Kamylinha reage à condenação de Hytalo Santos e cita ‘homofobia e racismo’

Adolescente que vivia com o influenciador pede orações nas redes sociais

Edgar Luz
Foto: Reprodução/Redes Sociais

 

A condenação de Hytalo Santos e Israel Nata Vicente, conhecido como Euro, pela Justiça da Paraíba ganhou um posicionamento público de Kamylinha. A jovem, que morava com o casal e foi apontada como principal vítima no processo, usou as redes sociais para comentar a decisão.

Na publicação, ela questionou trechos da sentença e afirmou que haveria preconceito nas declarações do magistrado responsável pelo caso:

“Falamos isso desde o início e ninguém deu a mínima importância.
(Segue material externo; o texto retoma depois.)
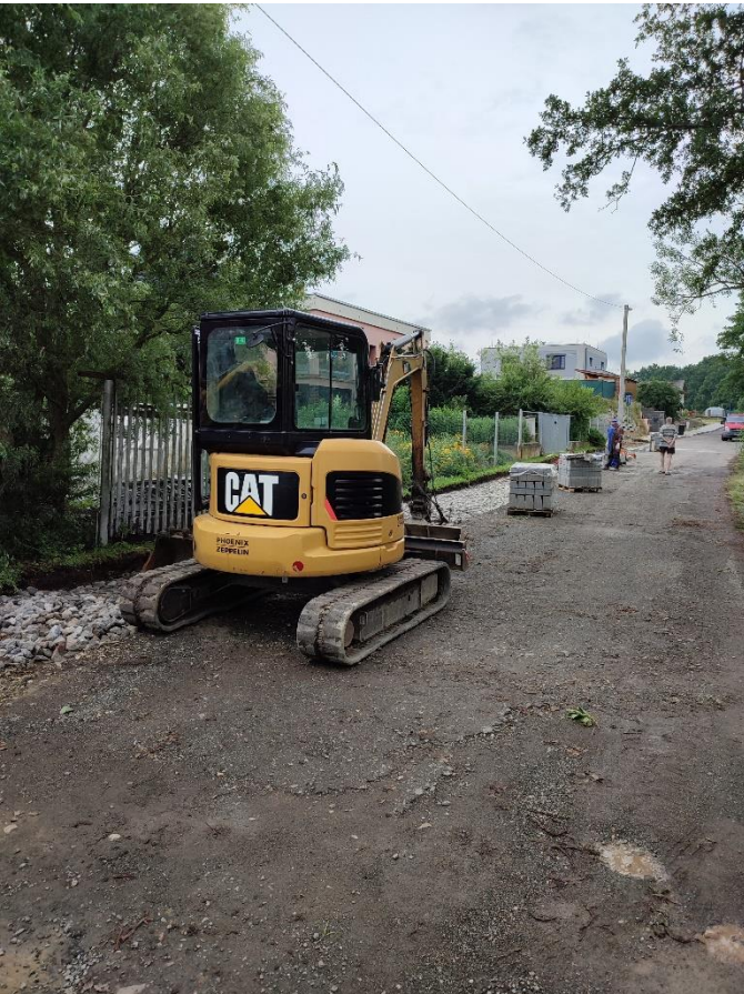
Výstavba chodníku a oprava komunikace u Kněžského rybníka

Mas a verdade vem sendo mostrada e estamos aqui para pedir ajuda”, escreveu, alegando “homofobia e racismo nas falas do juiz”.

Kamylinha também pediu apoio aos seguidores e convocou orações em favor do casal. “Peço a todos que gostam da nossa familia HS, que conhecem eles, que acompanhavam nossa rotina, que continuem em oração. Deus tá no controle”, declarou.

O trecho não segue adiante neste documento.